(Stored data)
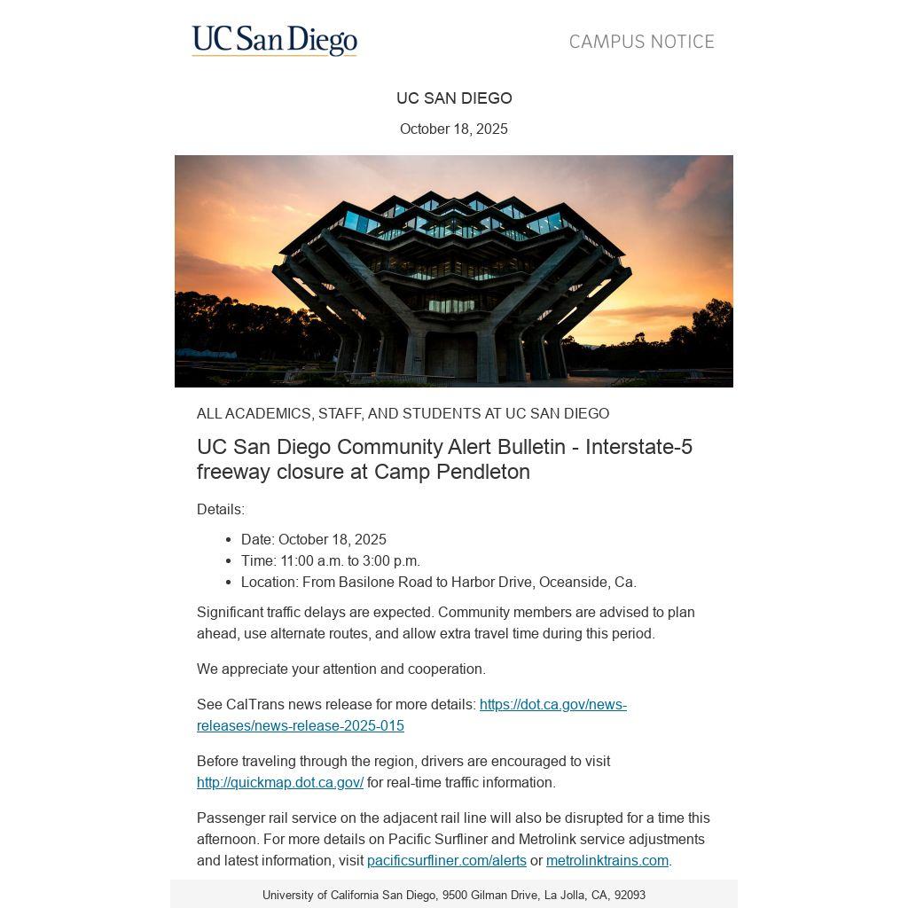 Passenger rail service on the adjacent rail line will also be disrupted for a time this afternoon. For more details on Pacific Surfliner and Metrolink service adjustments and latest information, visit pacificsurfliner.com/alerts or metrolinktrains.com.
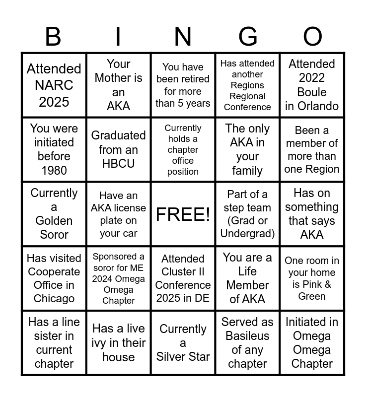 This bingo card has a free space and 24 words: Sponsored a soror for ME 2024 Omega Omega Chapter, Has a live ivy in their house, Currently holds a chapter office position, Has a line sister in current chapter, Attended 2022 Boule in Orlando, Attended NARC 2025, You were initiated before 1980, Your Mother is an AKA, Part of a step team (Grad or Undergrad), Attended Cluster II Conference 2025 in DE, The only AKA in your family, Currently a Golden Soror, You are a Life Member of AKA, One room in your home is Pink & Green, Graduated from an HBCU, Served as Basileus of any chapter, Has on something that says AKA, You have been retired for more than 5 years, Been a member of more than one Region, Have an AKA license plate on your car, Initiated in Omega Omega Chapter, Has visited Cooperate Office in Chicago, Has attended another Regions Regional Conference and Currently a Silver Star.
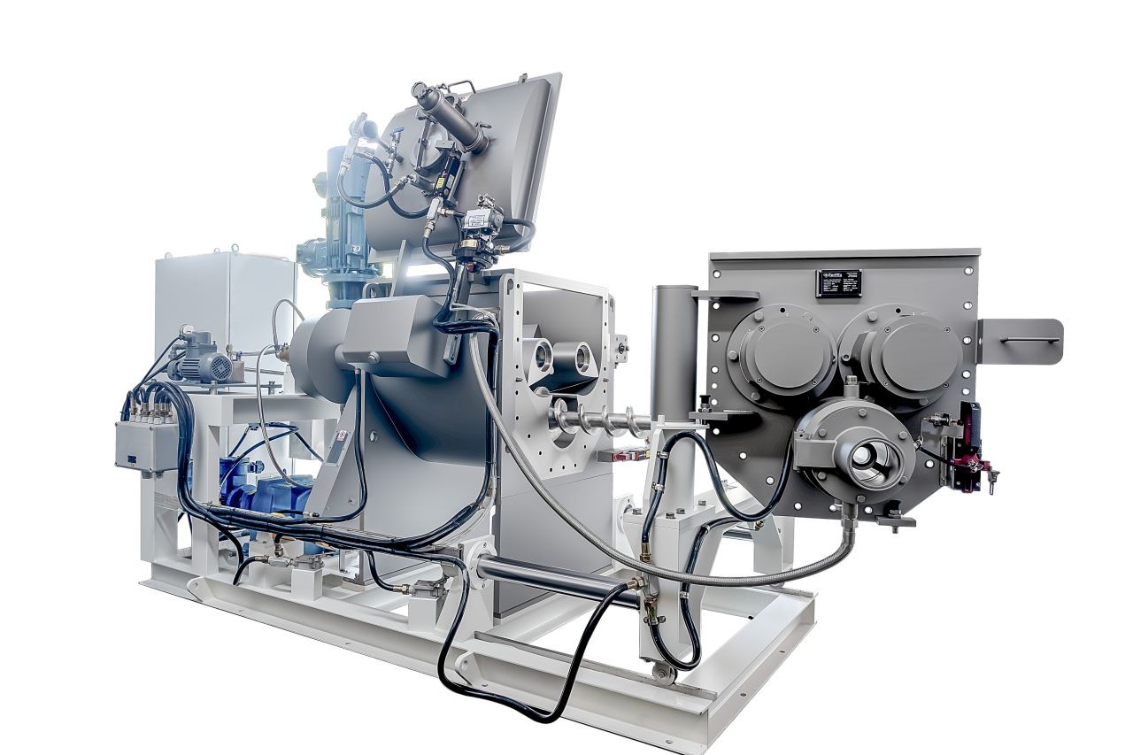 During the mixing cycle, the screw moves the material within the reach of the mixing arms, ensuring that all ingredients are thoroughly mixed while also speeding up the mixing process. During unloading, the direction of the screw rotation is reversed and the mixed material is extruded through the appropriate die holes on the side of the machine. The extruder screw has its own, separate drive, so that the blades and the screw work independently.
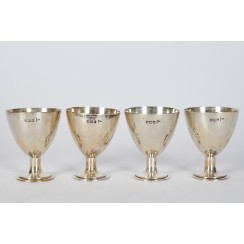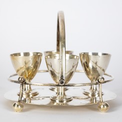 Четыре пашотницы на серебряной подставке с перекидной ручкой, общий вес 551 гр, 925 пр
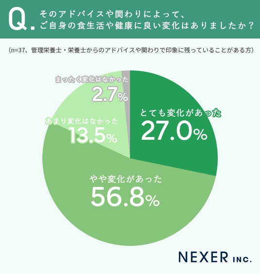 続いて、管理栄養士・栄養士との関わりで印象に残っていることがある人に対し、そのアドバイスや関わりによって食生活や健康に良い変化があったかを調査しました。
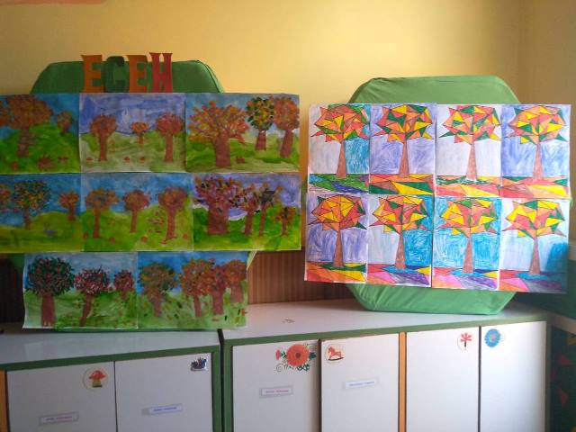 Вдъхновени от красивите есенни багри през месец ноември 2020 година,  децата от групите "Мечо", "Звънче" и "Катеричка" със съдействието на своите учители изработиха от природни материали интересни апликации , рисунки и ефектни изделия за изложбата "В царството на Есента".
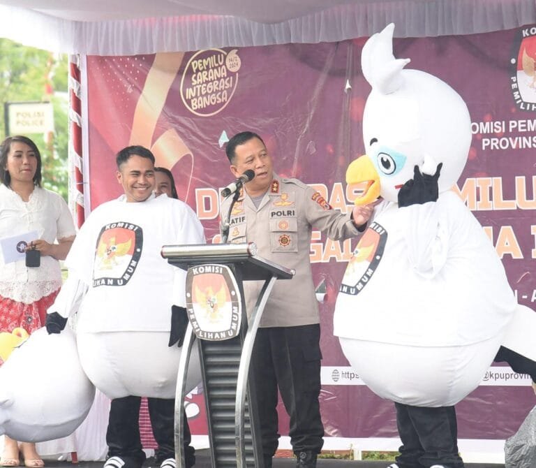 AMBON, LaskarMaluku.com – Guna menciptakan Pemilu aman di Maluku, Kapolda Maluku Irjen Pol Drs. Lotharia Latif SH.,M.Hum menginisiasi kegiatan deklarasi Pemilu damai dengan menggandeng KPU Maluku, dan Forkopimda serta partai Politik. Kegiatan tersebut berlangsung di monumen gong perdamaian dunia, Kota Ambon, Rabu (30/8/2023).
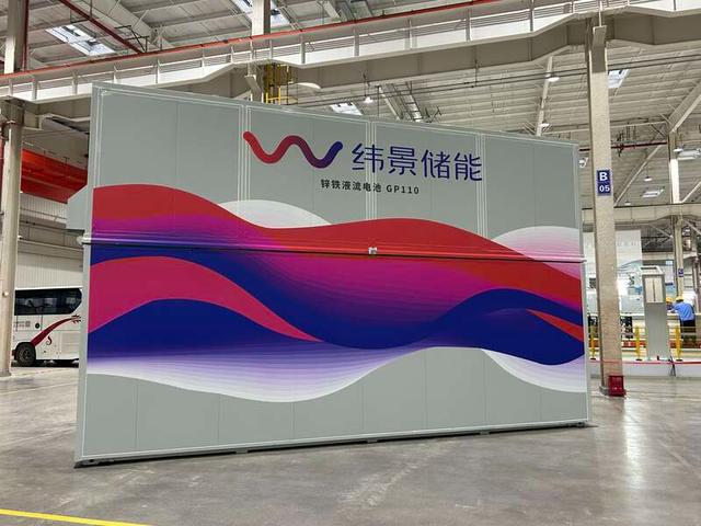 緯景儲能珠海“超G工廠”廠區(qū)內展示的緯景儲能鋅鐵液流電池GP110。中青報·中青網見習記者 賈驥業(yè)/攝
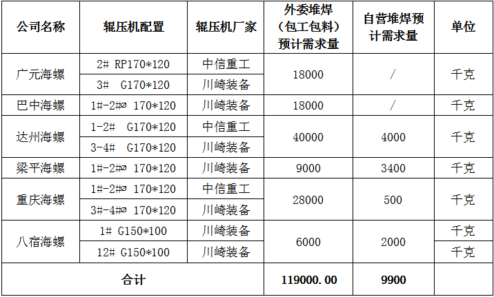 根據(jù)2022-2023年度水泥磨輥壓機(jī)輥面堆焊及日?;y層修補(bǔ)需求,海螺水泥川渝區(qū)域各子公司擬對(duì)輥壓機(jī)維修用耐磨焊絲進(jìn)行招標(biāo),為進(jìn)一步體現(xiàn)公開、公平、公正、擇優(yōu)的原則,拓寬采購(gòu)渠道,保證采購(gòu)質(zhì)量,現(xiàn)將招標(biāo)相關(guān)信息公告如下:
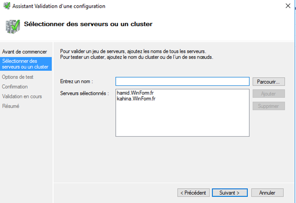 A ce stade on rentre les nom des machines que l'on souhaite ajouter dans le cluster
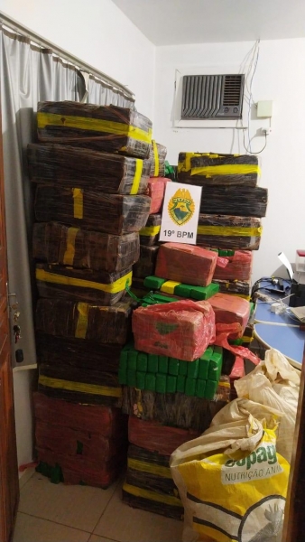 Na delegacia a droga foi pesada com a balança disponível, sendo totalizados 1.415 Kg.
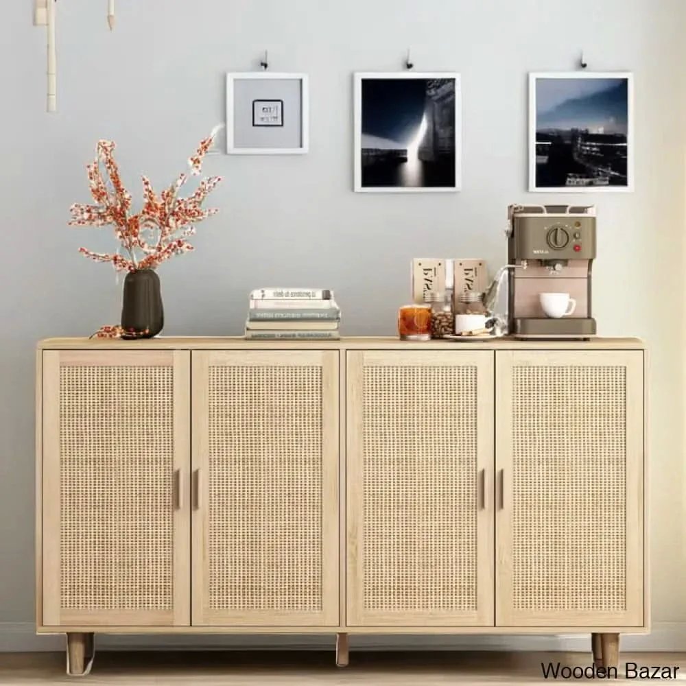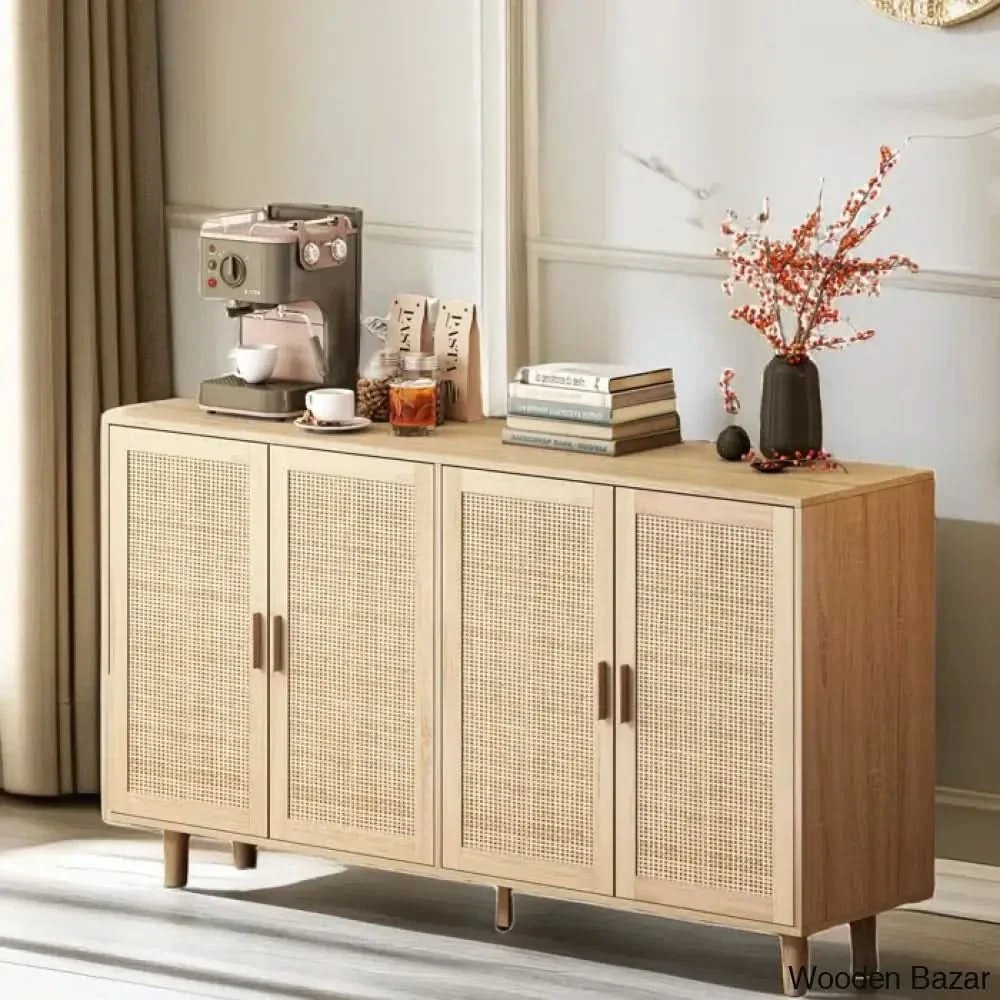 Solid Wood Cane Sideboard – Natural Finish
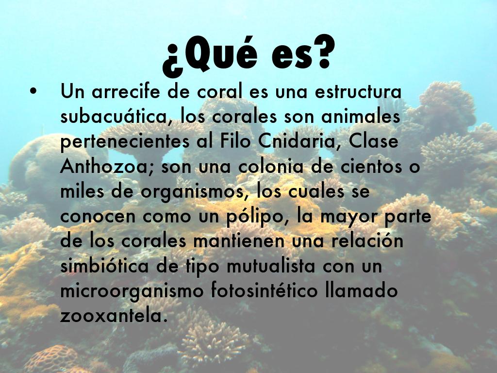 Un arrecife de coral es una estructura subacuática, los corales son animales pertenecientes al Filo Cnidaria, Clase Anthozoa; son una colonia de cientos o miles de organismos, los cuales se conocen como un pólipo, la mayor parte de los corales mantienen una relación simbiótica de tipo mutualista con un microorganismo fotosintético llamado zooxantela.

§ The task
Transcribe, word for word, the line holding "Na delegacia a" and all lines after it in the entries above, ending with the last. Only those lines; no pictures.

§ Answer for the task
 Na delegacia a droga foi pesada com a balança disponível, sendo totalizados 1.415 Kg.
 Solid Wood Cane Sideboard – Natural Finish
 Un arrecife de coral es una estructura subacuática, los corales son animales pertenecientes al Filo Cnidaria, Clase Anthozoa; son una colonia de cientos o miles de organismos, los cuales se conocen como un pólipo, la mayor parte de los corales mantienen una relación simbiótica de tipo mutualista con un microorganismo fotosintético llamado zooxantela.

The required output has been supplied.